Exercise description: Only the lines below from the one with "In this section, Informed" through the one with "Der Platz liegt" are to be written out, exactly and without any images.

Supplied entries:
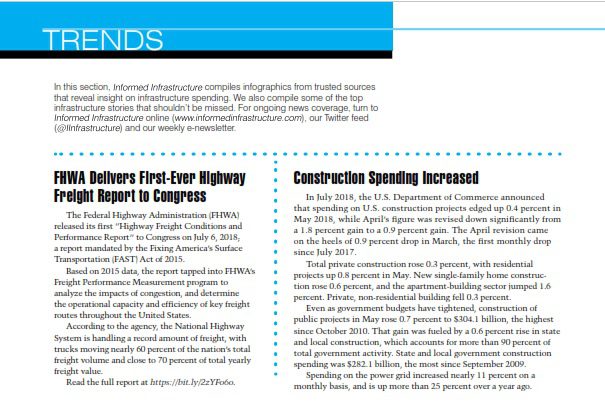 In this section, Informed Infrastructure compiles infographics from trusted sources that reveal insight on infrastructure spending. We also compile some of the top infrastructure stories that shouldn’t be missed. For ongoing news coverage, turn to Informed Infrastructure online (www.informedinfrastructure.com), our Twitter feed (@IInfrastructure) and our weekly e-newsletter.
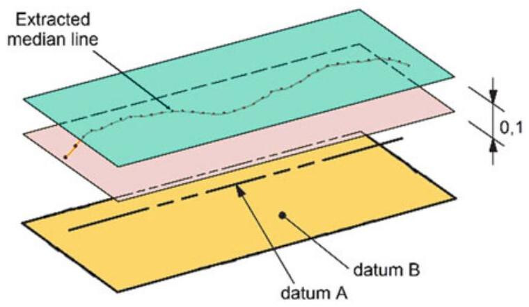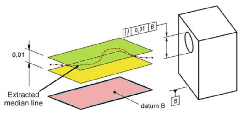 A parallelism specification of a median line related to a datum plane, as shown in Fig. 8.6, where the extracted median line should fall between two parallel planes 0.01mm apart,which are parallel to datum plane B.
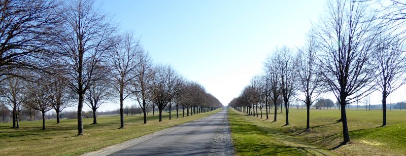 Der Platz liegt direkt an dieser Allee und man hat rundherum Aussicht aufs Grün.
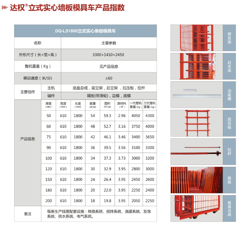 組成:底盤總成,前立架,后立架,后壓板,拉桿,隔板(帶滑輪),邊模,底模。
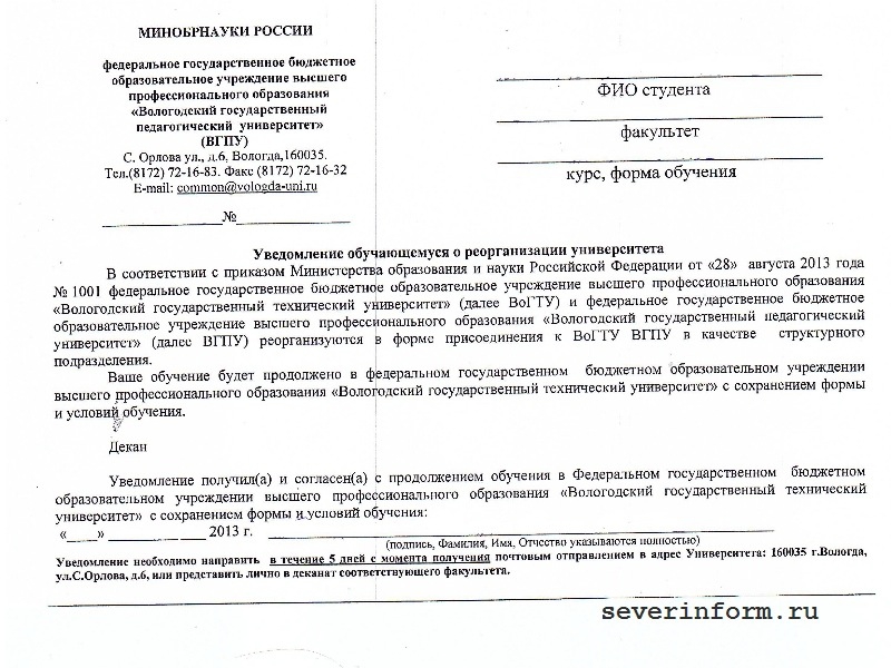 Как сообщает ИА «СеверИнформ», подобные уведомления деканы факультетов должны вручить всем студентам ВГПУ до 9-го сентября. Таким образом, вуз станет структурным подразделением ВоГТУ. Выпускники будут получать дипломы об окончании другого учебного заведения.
...
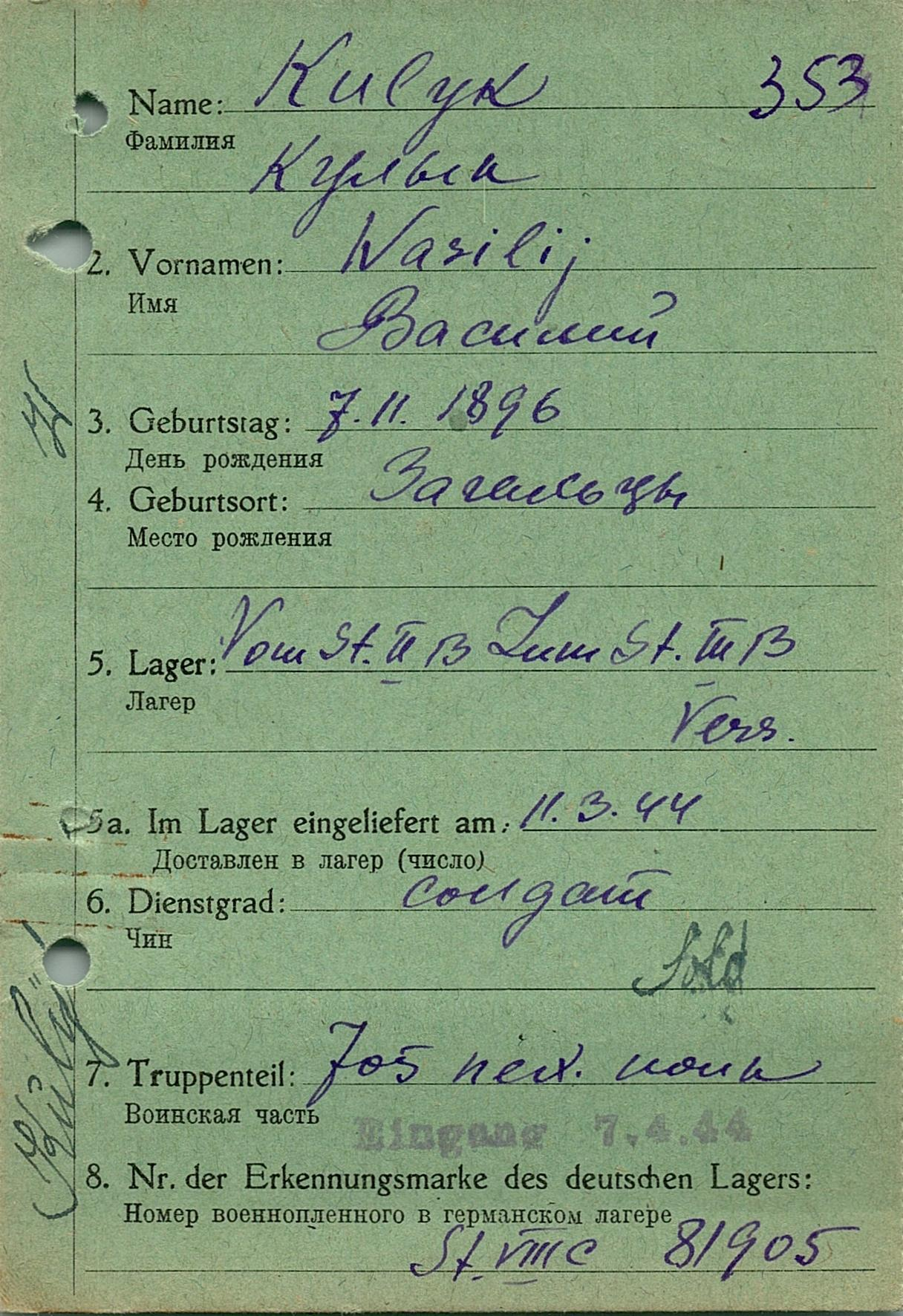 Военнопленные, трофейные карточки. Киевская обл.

Your response:
 In this section, Informed Infrastructure compiles infographics from trusted sources that reveal insight on infrastructure spending. We also compile some of the top infrastructure stories that shouldn’t be missed. For ongoing news coverage, turn to Informed Infrastructure online (www.informedinfrastructure.com), our Twitter feed (@IInfrastructure) and our weekly e-newsletter.
 A parallelism specification of a median line related to a datum plane, as shown in Fig. 8.6, where the extracted median line should fall between two parallel planes 0.01mm apart,which are parallel to datum plane B.
 Der Platz liegt direkt an dieser Allee und man hat rundherum Aussicht aufs Grün.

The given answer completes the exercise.